Для разрешения двойного вопроса о темпераментах и среде я попытаюсь отыскать и проследить нить, математически ведущую от человека к человеку. И когда я соберу все нити, когда в моих руках окажется целая общественная группа, я покажу ее в действии, как участника исторической эпохи, я создам ту обстановку, в которой выявится сложность взаимоотношений, я проанализирую одновременно и волю каждого из ее членов, и общий напор целого.

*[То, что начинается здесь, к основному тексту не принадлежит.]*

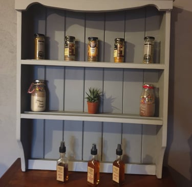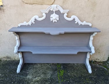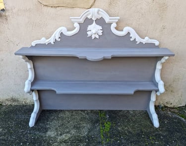 Haut de buffet Saint-Hubert, peint en deux teintes, blanche et gris crée à la caséine
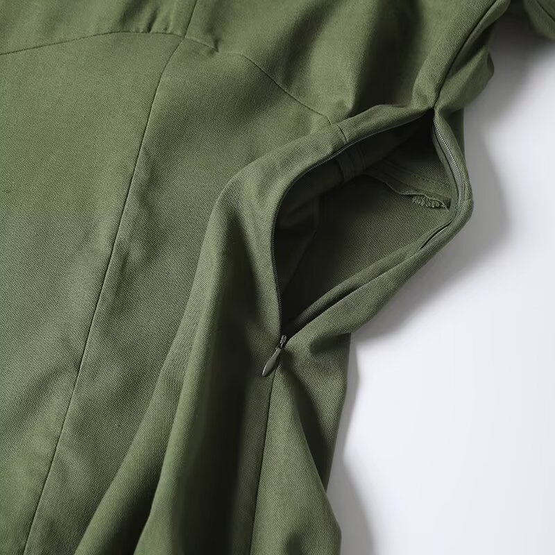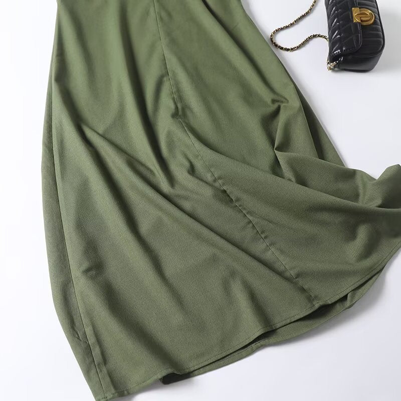 Women's new fashion short sleeved linen blended V-neck MIDI dress
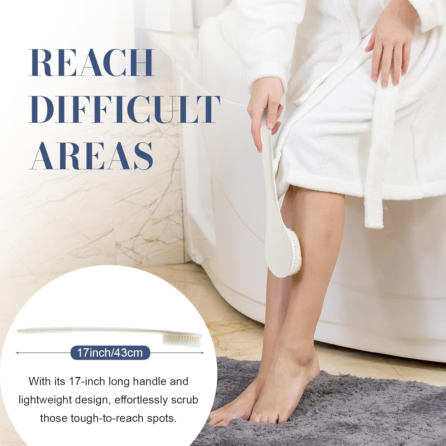 - EXTENED LENGTH OF REACH: To cater to its multi-functional role as a back brush for showering, we've upgraded the handle length to 17 inches, allowing you to effortlessly cover hard-to-reach areas like your back, lower legs, and feet without bending over. This feature proves particularly valuable for individuals with limited shoulder mobility or difficulty in bending their waist. Additionally, its slight curvature enhances ease of use with every stroke.
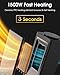 🔥【DURABLE MATERIAL】The indoor space heater uses Class V0 fire-resistant materials, PTC ceramic heating element that heats up in seconds, more powerful, and quiet work with noise<35dB.
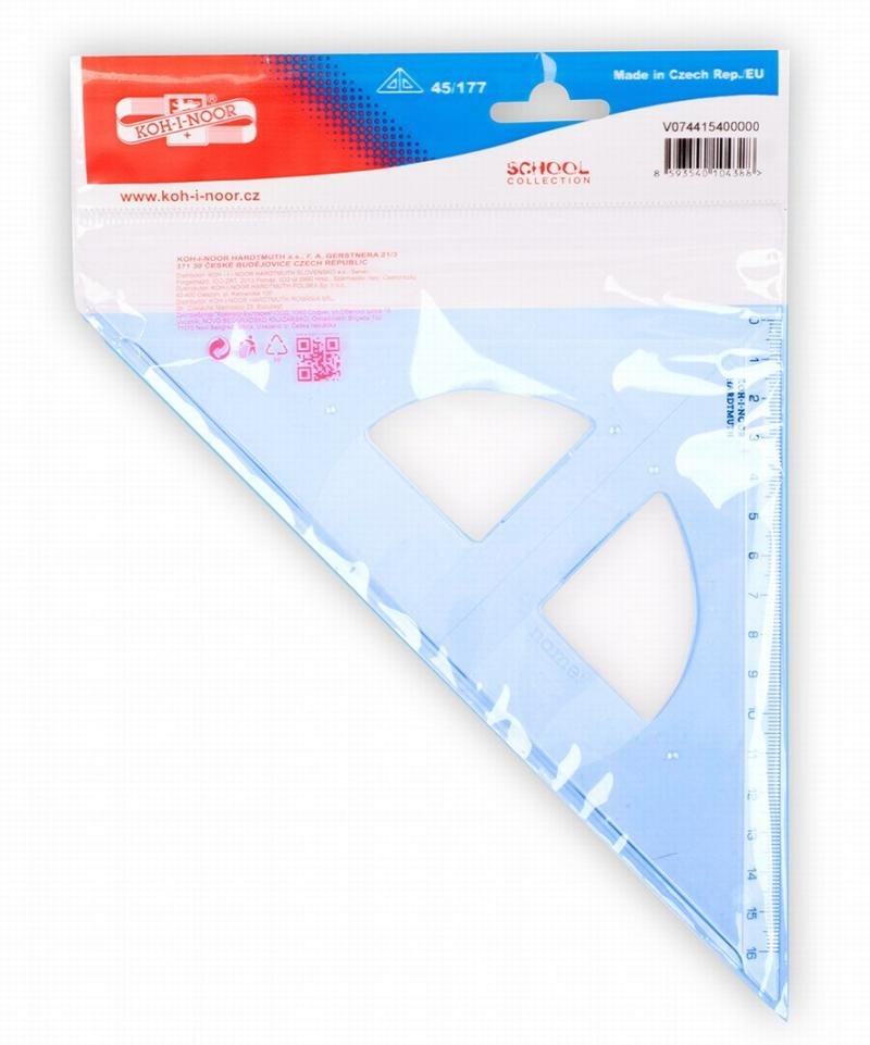 Objavte precíznosť a praktickosť trojuholníka Koh-i-noor! Tento modrý priehľadný trojuholník s kolmícou je ideálnym pomocníkom pre presné rysovanie a technické kreslenie.

Ругон-Маккары, та группа, та семья, которую я собираюсь изучать, характеризуется безудержностью вожделений, мощным стремлением нашего века, рвущегося к наслаждениям. В физиологическом отношении они представляют собой медленное чередование нервного расстройства и болезней крови, проявляющихся из рода в род, как следствие первичного органического повреждения; они определяют, в зависимости от окружающей среды, чувства, желания и страсти каждой отдельной личности – все естественные и инстинктивные проявления человеческой природы, следствия которых носят условные названия добродетелей и пороков. Исторически эти лица выходят из народа, они рассеиваются по всему современному обществу, добиваются любых должностей в силу того глубоко современного импульса, какой получают низшие классы, пробивающиеся сквозь социальную толщу. Своими личными драмами они повествуют о Второй империи, начиная от западни государственного переворота и кончая седанским предательством. <<…>>

Этот труд, включающий много эпизодов, является в моем представлении биологической и социальной историей одной семьи в эпоху Второй империи».[55]

Теперь он окинул орлиным взором угодья, в которых ему предстояло охотиться. Набросал первоначальный план десяти романов, которые должны были вытекать один из другого, носить на себе отпечаток материализма, физиологии, наследственности, а все описываемые события происходили бы в царствование Наполеона III. Золя ненавидел это время за его униженное преклонение перед деньгами, его напыщенность, мишуру, дешевый блеск, буржуазные предрассудки, лицемерие, ханжество и нетерпимость. Выбрав ненавистную ему эпоху, он сможет обличить ее пороки и ее тупость. Но, забираясь в это болото, он хотел передвигаться по нему с уверенностью. В течение года усердно работал в Императорской библиотеке, с головой погружаясь в научные сочинения, делая выписки, тщательно составляя генеалогическое древо своих персонажей Ругон-Маккаров. Эту родословную он потом предъявит Лакруа вместе с планом цикла романов, и издатель, на которого размах и серьезность замысла произведут сильное впечатление, тут же подпишет договор на первые четыре тома. Автору определены гарантированные выплаты – по пятьсот франков в месяц.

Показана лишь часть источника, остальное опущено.